All's Well That Ends Well
A "problem play" that tests the genre of comedy to its limits: the heroine Helena wins her husband through a bed-trick, cures a King of a mysterious illness, and is publicly shamed before the "happy" ending — which the title acknowledges is only provisionally satisfying.
At a Glance
- Genre: Comedy (Problem Play)
- Approximate date: c. 1602–1603
- Setting: Rossillion (France) and Florence (Italy)
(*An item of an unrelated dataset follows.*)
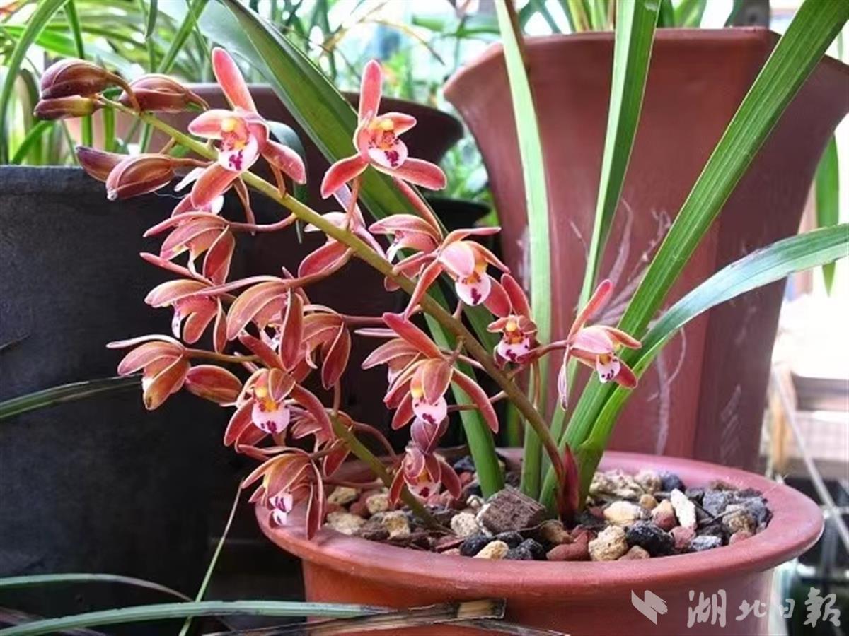 多花兰,别名蜜蜂兰、岩兰,是兰科兰属附生植物,花茎直立或稍倾斜,花朵红褐色,叶长椭圆形,2-4枚着生于大型的假鳞茎上,生于林中或林缘树上,或溪谷旁透光的岩石上或岩壁上,叶革质肥厚并具有光泽,抗旱防寒力强,蒴果近长圆形,花期4-8月。

- Source: Boccaccio's Decameron (Day 3, Tale 9), via William Painter's Palace of Pleasure
- Acts: 5
Dramatis Personæ
| Character | Description |
|---|---|
| KING OF FRANCE | Ill; healed by Helena; grants her any husband she chooses |
| THE DUKE OF FLORENCE | Italian duke |
| BERTRAM, COUNT OF ROSSILLION | Handsome young nobleman; Helena's husband; sets impossible conditions |
| HELENA | Orphaned daughter of a physician; loves Bertram; brilliant; resourceful |
| COUNTESS OF ROSSILLION | Bertram's mother; adoptive mother to Helena; admires Helena |
| LAFEW | Old lord; worldly-wise |
| PAROLLES | Bertram's follower; braggart soldier; exposed as a coward |
| RYNALDO | Steward to the Countess |
| A CLOWN | Servant to the Countess; witty and rude |
| DIANA | Young Florentine woman; helps Helena with the bed-trick |
| AN OLD WIDOW OF FLORENCE | Diana's mother |
| VIOLENTA | Neighbor to the Widow |
| MARIANA | Neighbor to the Widow |
| SEVERAL YOUNG FRENCH LORDS | Who serve with Bertram in Florence |
| A PAGE |
Plot Summary
Act I: Helena, ward of the Countess, loves Bertram hopelessly — he is noble-born, she is merely a physician's daughter. Bertram departs to the King's court. The Countess discovers Helena's love; Helena admits it and follows Bertram to court.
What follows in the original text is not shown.